US Homeland Security chief Janet Napolitano and European powers pondered how to stop the arms reaching Al-Qaeda in the Islamic Maghreb (AQIM), Interior Minister Alfredo Perez Rubalcaba said after the talks.

The AQIM group is active in the Sahara desert and Sahel scrubland to the south -- an area nearly the size of Australia stretching from western Mauritania through Mali and Niger.

It has carried out kidnappings of foreigners and staged attacks in the region.

"All of us who sat around the table know AQIM very well. There is a circumstance that worries us at the moment and that is that the Libyan conflict is affecting AQIM," Rubalcaba told a news conference at the El Pardo palace outside Madrid.
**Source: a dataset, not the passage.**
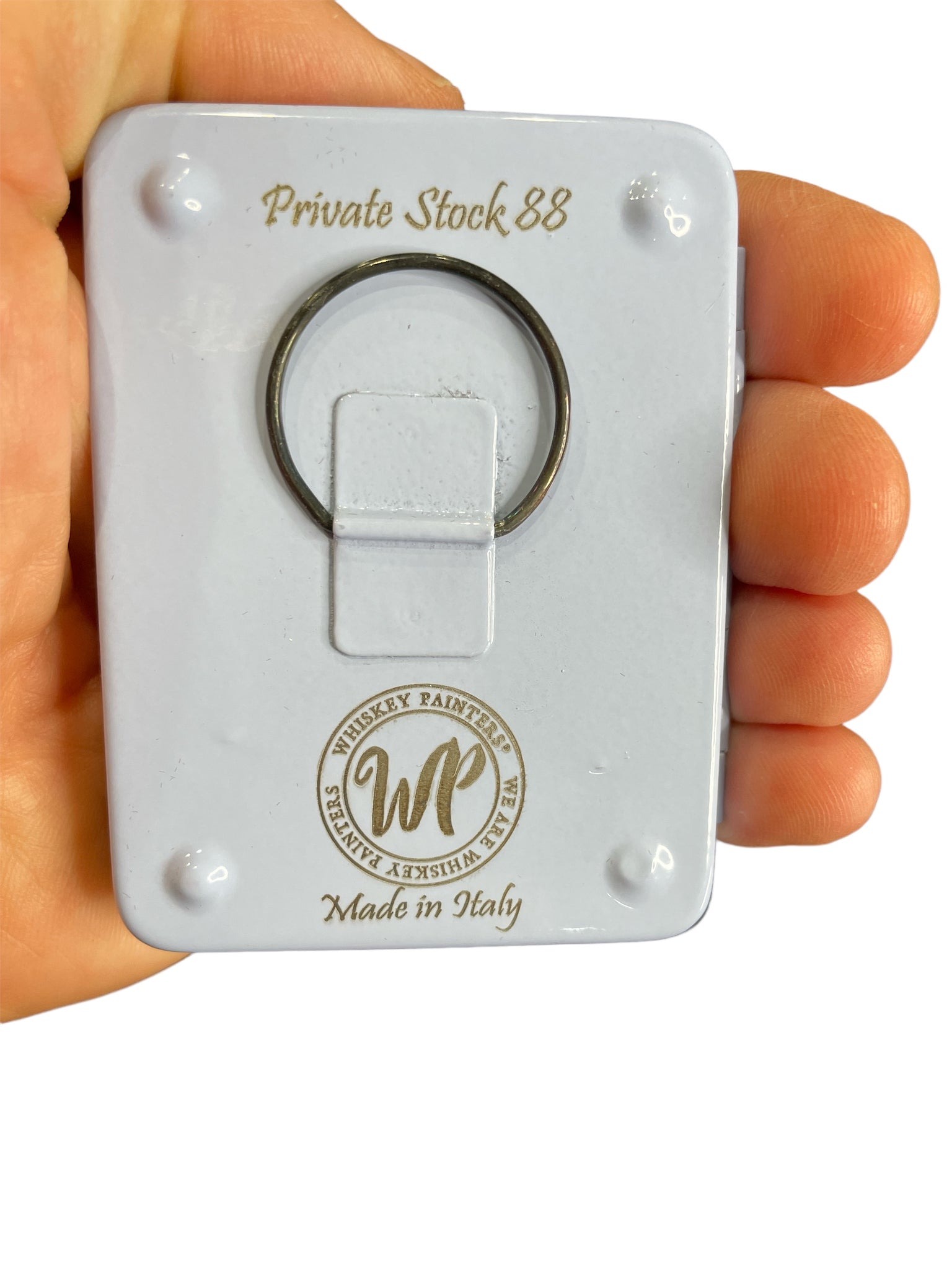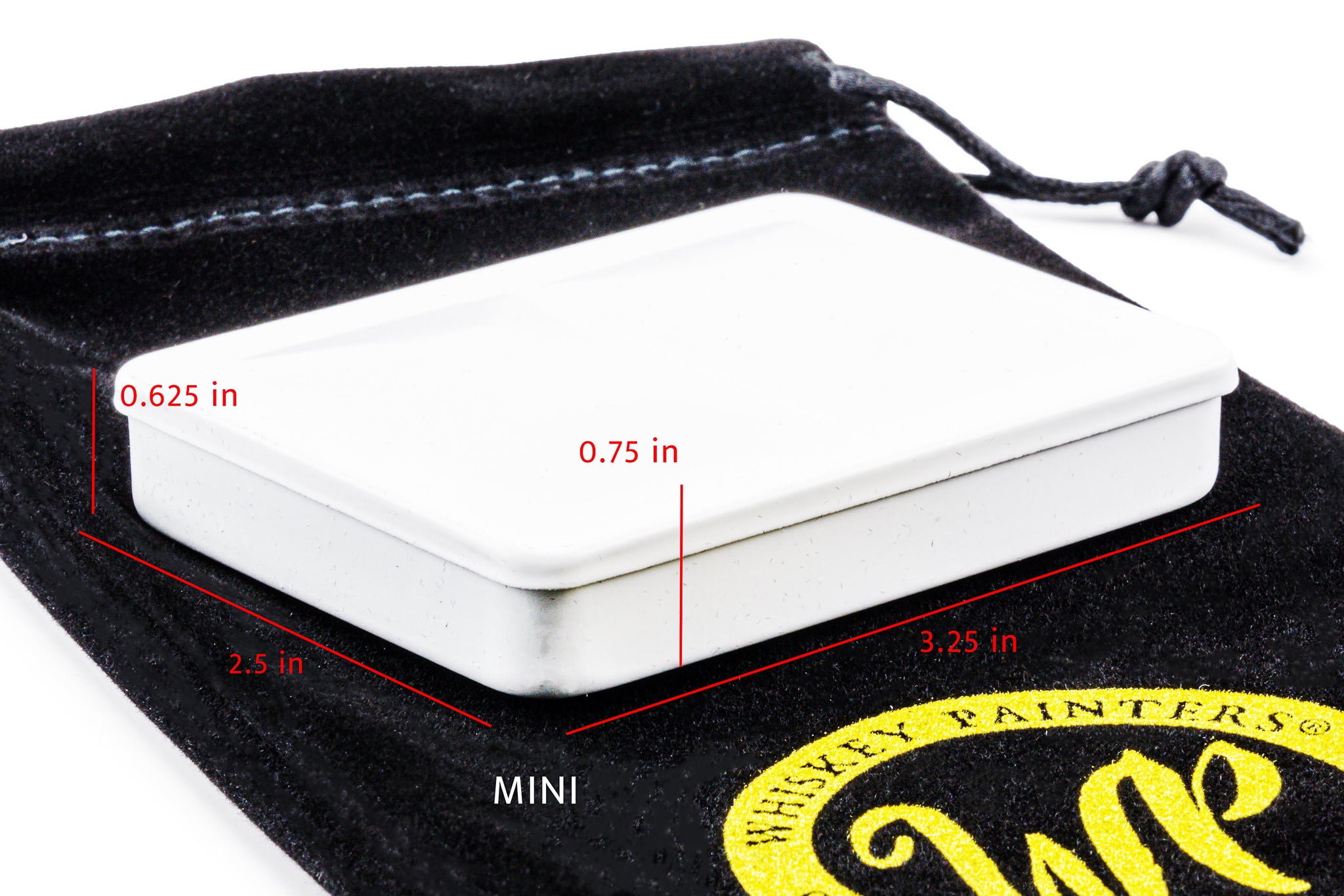 This classic mighty mini palette is what every artist needs. This palette fits into any pocket and fits into any size hand. Whether you are on a plane traveling to Italy, wearing a suit, or off to the park: it can fit into any pocket, purse or travel bag. The ring on the bottom allows it to stay secure when holding it in your palm. The lid when open makes a handy mixing area and our Whiskey Painters brush easily fits down the center for storage.

"What seems especially negative to us is the possibility that arms belonging to the Libyan army, or what is left of it, could fall into the hands of the terrorists," he added.

"There is arms trafficking at the border between Libya and Mali and this has to worry us because it could at this moment be supplying sophisticated weapons, which are therefore dangerous, to Al-Qaeda in the Islamic Maghreb."

The meeting gathered Napolitano and the interior ministers of the G6 largest European Union nations -- Britain, France, Germany, Italy, Poland and Spain.

"There is a problem with arms that are going from Libya, probably to Mali," Rubalcaba said.

"If we don't do anything, AQIM could take advantage of this situation to grow, and if AQIM grows so will the risks faced by Europe and the United States," Rubalcaba said.

AQIM, which has its roots in Algeria, has camps in Mali which it uses as a launchpad to carry out armed attacks and kidnappings in the Sahel desert region where the group is also involved in drugs trafficking.

Rubalcaba said it was agreed at the meeting that the interior ministers and foreign ministers of the six largest European nations would hold talks on how to step up the fight against AQIM.

They also agreed that Europe would work more closely with the African Union on the issue, he added.

"It is very difficult to do anything in Africa unless you work with the African Union," the minister said.

Libya has been wracked by a civil war since a violent uprising against Moamer Kadhafi, in power for over four decades, swept the country four months ago.

The G6 represents three quarters of the EU population. The informal group was set up by Britain and France in 2003 to provide a forum for big EU nations to discuss issues of law and order and immigration.

The US and European policymakers also discussed ways to boost the fight against organised crime including drug trafficking, prostitution and money laundering.

Before the start of the meeting, Rubalcaba and Napolitano signed an agreement to boost Spanish-US scientific and technological security cooperation, the interior ministry said in a statement.

"The agreement stresses the importance of protecting key infratructures to better protect the flow of goods and citizens between both countries," the ministry said.

Other participants included the EU's home affairs commissioner, Sweden's Cecilia Malmstrom, the bloc's counterterrorism coordinator, Belgium's Guilles de Kerchove, and US Deputy Attorney General James Cole.